▶ Work to be completed: Every record that follows should be copied exactly. No picture belongs in the copy.

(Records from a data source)
↓↓↓

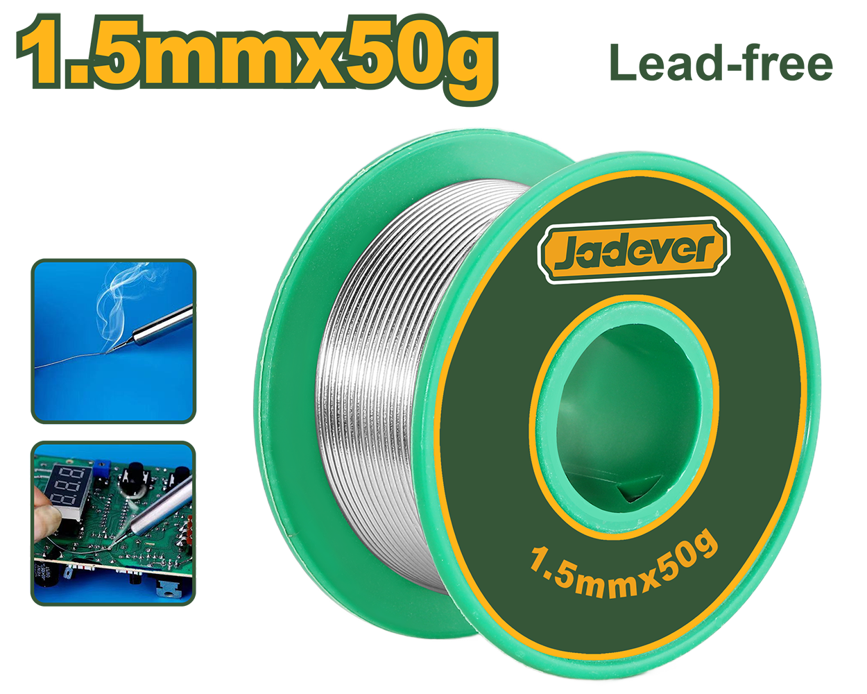 El alambre de soldadura Jadever modelo JDHXS1315 es un consumible de alta pureza diseñado para cumplir con los estándares modernos de electrónica. Al ser una fórmula sin plomo, es una opción segura para el usuario y amigable con el medio ambiente, cumpliendo con las regulaciones de salud y seguridad laboral vigentes.
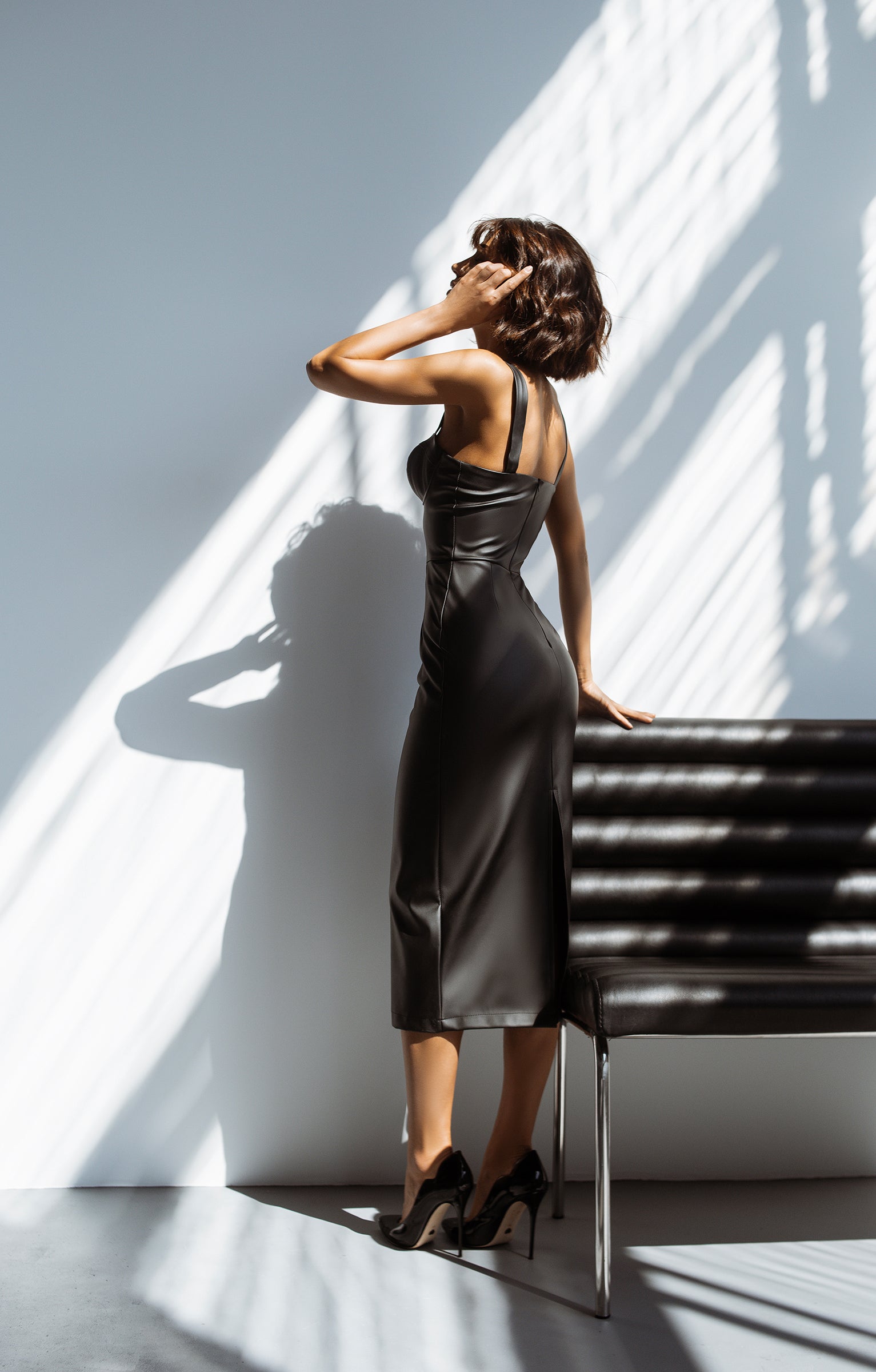 Blue Backless Cut-Out Puff-Sleeve Midi Dress
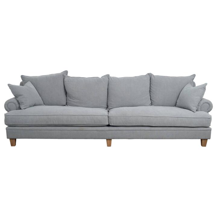 This Laura 4 seater fabric sofa maximises your space with its expansive and comfortable seating for four. Its rolled padded arms and deep, feather-filled cushions create a welcoming, relaxing area. The cotton and linen fabric enhances the sofa’s sophistication, while the solid timber frame
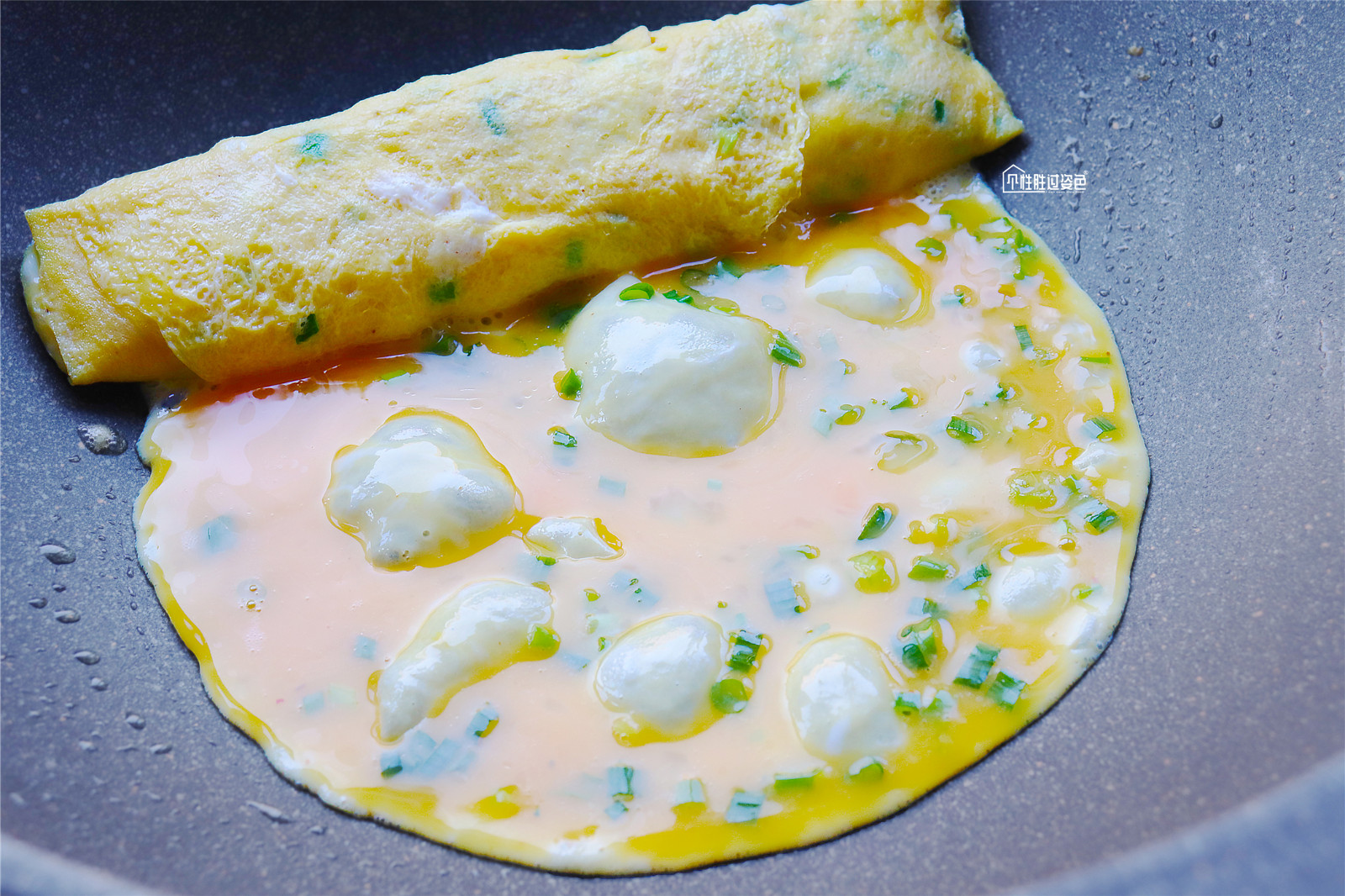 从右往左卷起,然后推至右边,往左边继续倒入1/5蛋液,转动锅子至均匀半凝固状态,从右往左卷起。
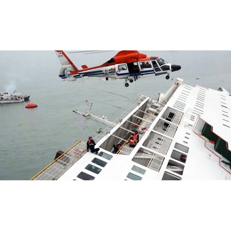 La televisión mostró imágenes aéreas de los pasajeros con chalecos salvavidas en botes hinchables huyendo del ferry. Algunos bajaban deslizándose por el casco del barco totalmente inclinado mientras otros eran rescatados por pequeños botes de pescadores.
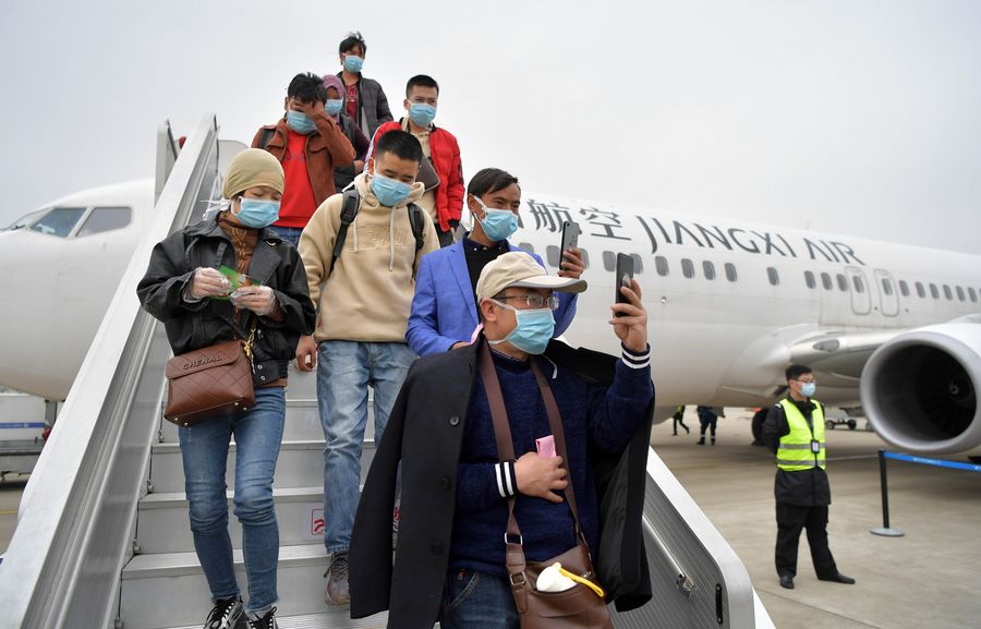 Migrant workers arrive at Nanchang Changbei Airport by a chartered flight in Nanchang, east China's Jiangxi Province, Feb. 26, 2020. First batch of some 350 migrant workers from Gansu and Qinghai provinces to Nanchang arrived by two chartered flights. (Xinhua/Peng Zhaozhi)
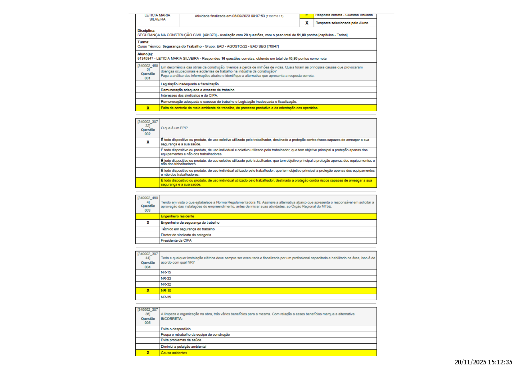 LETICIA MARIA Atividade finalizada em 05/09/2023 09:07:53 (1138718 # Resposta correta Questao Anulada SILVEIRA X Resposta selecionada pelo Aluno Disciplina: SEGURANÇA NA CONSTRUÇÃO CIVIL [491370] Avaliação com 20 questões, com peso total de 51,00 pontos [capítulos Todos] Turma: Curso Técnico: Segurança do Trabalho - Grupo: EAD AGOSTO/22 EAD SEG [70647] Aluno(a): 91345847 LETICIA MARIA SILVEIRA Respondeu 16 questões corretas, obtendo um total de 40,80 pontos como nota [349992_459 Em decorrência das obras da construção, tivemos a perda de milhões de Quais foram as principais causas que provocaram doenças ocupacionais e acidentes de trabalho na indústria da construção? Questão Faça a análise das informações abaixo e identifique a alternativa que apresenta a resposta correta. 001 Legislação inadequada e fiscalização. Remuneração adequada e excesso de Interesses dos sindicatos e da CIPA Remuneração adequada e excesso de trabalho e Legislação inadequada e fiscalização. X Falta de controle do meio ambiente de trabalho, do processo produtivo e da orientação dos operários. [349992_387 32] Questão o que é um EPI? 002 É todo dispositivo ou produto, de uso coletivo utilizado pelo trabalhador, destinado a proteção contra riscos capazes de ameaçar a sua X segurança e a sua saúde. É todo dispositivo ou produto, de uso individual e coletivo utilizado pelo trabalhador, que tem objetivo principal a proteção apenas dos equipamentos e não dos trabalhadores. É todo dispositivo ou produto, de uso coletivo utilizado pelo trabalhador, que tem objetivo principal a proteção apenas dos equipamentos e não dos É todo dispositivo ou produto, de uso individual utilizado pelo trabalhador, que tem objetivo principal a proteção apenas dos equipamentos e não dos trabalhadores. É todo dispositivo ou produto, de uso individual utilizado pelo destinado a proteção contra riscos capazes de ameaçar a sua segurança e a sua saúde. [349992_460 4] Tendo em vista que estabelece a Norma Regulamentadora 18. Assinale a alternativa abaixo que apresenta responsável em solicitar a Questão aprovação das instalações do empreendimento, antes de iniciar suas atividades, ao Regional do 003 Engenheiro residente X Engenheiro de segurança do trabalho Técnico em segurança do trabalho Diretor do sindicato da categoria Presidente da CIPA [349992_387 44] Toda e qualquer instalação elétrica deve sempre ser executada e fiscalizada por um profissional capacitado e habilitado na área, isso é de Questão acordo com qual NR? 004 NR-15 NR-33 NR-32 X NR-10 NR-35 [349992_387 36] A limpeza e organização na obra, trás vários benefícios para a mesma. Com relação a esses benefícios marque a alternativa Questão INCORRETA: 005 Evita desperdício Poupa retrabalho da equipe de construção Evita problemas de saúde Diminiui a poluição ambiental X Causa acidentes 20/11/2025 15:12:35

↑↑↑

▶ Solution to this problem:
 El alambre de soldadura Jadever modelo JDHXS1315 es un consumible de alta pureza diseñado para cumplir con los estándares modernos de electrónica. Al ser una fórmula sin plomo, es una opción segura para el usuario y amigable con el medio ambiente, cumpliendo con las regulaciones de salud y seguridad laboral vigentes.
 Blue Backless Cut-Out Puff-Sleeve Midi Dress
 This Laura 4 seater fabric sofa maximises your space with its expansive and comfortable seating for four. Its rolled padded arms and deep, feather-filled cushions create a welcoming, relaxing area. The cotton and linen fabric enhances the sofa’s sophistication, while the solid timber frame
 从右往左卷起,然后推至右边,往左边继续倒入1/5蛋液,转动锅子至均匀半凝固状态,从右往左卷起。
 La televisión mostró imágenes aéreas de los pasajeros con chalecos salvavidas en botes hinchables huyendo del ferry. Algunos bajaban deslizándose por el casco del barco totalmente inclinado mientras otros eran rescatados por pequeños botes de pescadores.
 Migrant workers arrive at Nanchang Changbei Airport by a chartered flight in Nanchang, east China's Jiangxi Province, Feb. 26, 2020. First batch of some 350 migrant workers from Gansu and Qinghai provinces to Nanchang arrived by two chartered flights. (Xinhua/Peng Zhaozhi)
 LETICIA MARIA Atividade finalizada em 05/09/2023 09:07:53 (1138718 # Resposta correta Questao Anulada SILVEIRA X Resposta selecionada pelo Aluno Disciplina: SEGURANÇA NA CONSTRUÇÃO CIVIL [491370] Avaliação com 20 questões, com peso total de 51,00 pontos [capítulos Todos] Turma: Curso Técnico: Segurança do Trabalho - Grupo: EAD AGOSTO/22 EAD SEG [70647] Aluno(a): 91345847 LETICIA MARIA SILVEIRA Respondeu 16 questões corretas, obtendo um total de 40,80 pontos como nota [349992_459 Em decorrência das obras da construção, tivemos a perda de milhões de Quais foram as principais causas que provocaram doenças ocupacionais e acidentes de trabalho na indústria da construção? Questão Faça a análise das informações abaixo e identifique a alternativa que apresenta a resposta correta. 001 Legislação inadequada e fiscalização. Remuneração adequada e excesso de Interesses dos sindicatos e da CIPA Remuneração adequada e excesso de trabalho e Legislação inadequada e fiscalização. X Falta de controle do meio ambiente de trabalho, do processo produtivo e da orientação dos operários. [349992_387 32] Questão o que é um EPI? 002 É todo dispositivo ou produto, de uso coletivo utilizado pelo trabalhador, destinado a proteção contra riscos capazes de ameaçar a sua X segurança e a sua saúde. É todo dispositivo ou produto, de uso individual e coletivo utilizado pelo trabalhador, que tem objetivo principal a proteção apenas dos equipamentos e não dos trabalhadores. É todo dispositivo ou produto, de uso coletivo utilizado pelo trabalhador, que tem objetivo principal a proteção apenas dos equipamentos e não dos É todo dispositivo ou produto, de uso individual utilizado pelo trabalhador, que tem objetivo principal a proteção apenas dos equipamentos e não dos trabalhadores. É todo dispositivo ou produto, de uso individual utilizado pelo destinado a proteção contra riscos capazes de ameaçar a sua segurança e a sua saúde. [349992_460 4] Tendo em vista que estabelece a Norma Regulamentadora 18. Assinale a alternativa abaixo que apresenta responsável em solicitar a Questão aprovação das instalações do empreendimento, antes de iniciar suas atividades, ao Regional do 003 Engenheiro residente X Engenheiro de segurança do trabalho Técnico em segurança do trabalho Diretor do sindicato da categoria Presidente da CIPA [349992_387 44] Toda e qualquer instalação elétrica deve sempre ser executada e fiscalizada por um profissional capacitado e habilitado na área, isso é de Questão acordo com qual NR? 004 NR-15 NR-33 NR-32 X NR-10 NR-35 [349992_387 36] A limpeza e organização na obra, trás vários benefícios para a mesma. Com relação a esses benefícios marque a alternativa Questão INCORRETA: 005 Evita desperdício Poupa retrabalho da equipe de construção Evita problemas de saúde Diminiui a poluição ambiental X Causa acidentes 20/11/2025 15:12:35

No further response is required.